You ask about probability, which should be less than $1.$ What you quote from the book looks like the number of arrangements. For your question, pick somebody to be the first in the first room. When you pick a person to put with him, the chance he is the other type is $\frac {20}{39}$ Assuming you succeed, in the next room, again put somebody, pick a second who will be the other type with probability $\frac {19}{37}$ At the end, you have a chance of success of $\frac {20\cdot 19 \cdot 18 \dots 1}{39 \cdot 37 \cdot 35 \dots 1}=\frac {20!}{39!!}\approx 7.6 \cdot 10^{-6}$
Added: the above calculated the chance that every room had one offensive and one defensive player. The question wants every room to have a matched pair. If we line all the players up, there are $40!$ ways to do that. Of those, we have ${20 \choose 10}$ ways to choose the rooms that will get offensive players, then $20!$ ways to put them in order, and $20!$ ways to put the defensive players in order, giving $\frac {{20 \choose 10}20!^2}{40!}\approx 1.34 \cdot 10^{-6}$. It seems reasonable that this is close to and smaller than the first calculation. When the first player is selected, he has a little less than (instead of a little more than) $\frac 12$ chance of being paired correctly.
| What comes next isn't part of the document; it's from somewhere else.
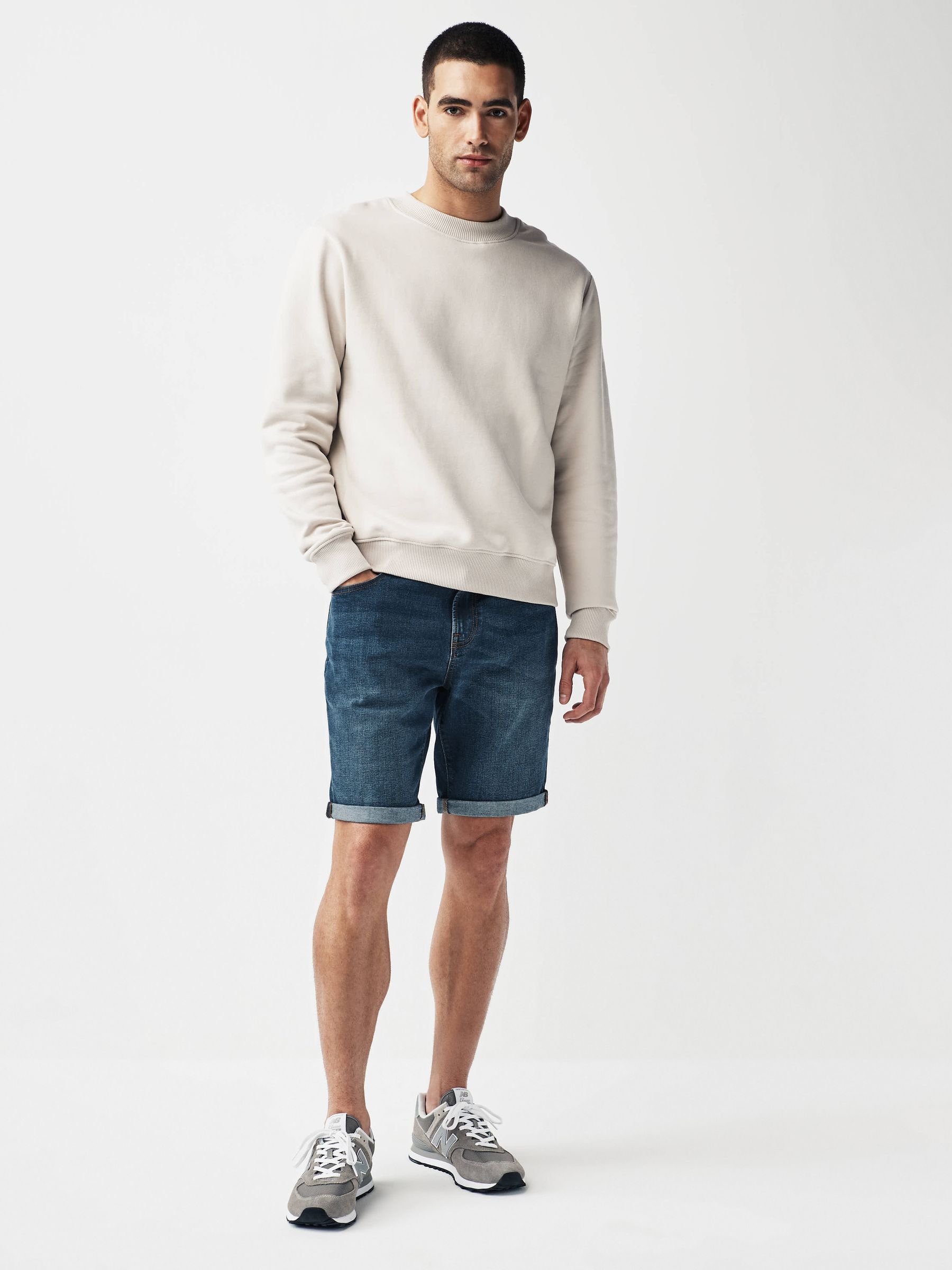 A summer essential, our mid blue straight fit denim shorts are made for warm weather days. Crafted from a soft cotton blend with added stretch, each pair boasts a stylish rolled-up hem detail with a zip fly and a traditional five-pocket design. Team them with a linen shirt or classic T-Shirt and boat shoes for a timeless weekend outfit. straight fit Soft cotton blend with added stretch Rolled-up hem Zip fly Five-pocket design Machine washable. 80% Cotton, 18% Recycled polyester, 2% Elastane. Better Cotton – By choosing our cotton products, you’re supporting our investment in Better Cotton’s mission to help cotton farming communities survive and thrive while protecting and restoring the environment. This product is sourced via a system of mass balance and therefore may not contain Better Cotton. Learn more at www.next.co.uk/better-cotton

I am going to attempt this problem over multiple cases:
That means each player can be labelled a number $i$ and each room a number $j$ in which case there are $ 40 * 39 * 38... = 40!$ ways to arrange them but since we have over counted (the order we introduce the players in appears to affect the result) we must divide this by (2!) to get
$$\frac{40!}{2^{20}}$$
The number of cases in which there is NOT one defensive or Offense player in the same room is given by:
$$ 20 * 19 * 18 ... = 20! $$ ways to fill up 10 rooms with all defensive players (again divide by 2! to account for overcounting) so $\frac{20!}{2!^{10}10!}$
$$ \frac{20!}{10!10!} = 20_choose K $$ ways to select 10 rooms to be filled with defensive the players
$$ 20* 19 * 19 ... = 20! $$ ways to fill up the remaining rooms with offensive players (again divide by 2! to account for overcounting) so $\frac{20!}{2!^{10}10!}$
Therefore there are : $(\frac{20!^3}{2^{20}*10!^2}) $ ways to fill up the rooms and ensure that there is no room with one defensive and one offensive player.
Thus: the probability that no rooms have a defensive or offensive player is given by:
$$ \frac{\frac{20!^3}{2^{20}10!^4}}{\frac{40!}{2^{20}}} =\frac{20!^3}{ 40!10!^2} $$ 2. Players within their respective groups (defense and offense) are NOT distinct but rooms are all distinct.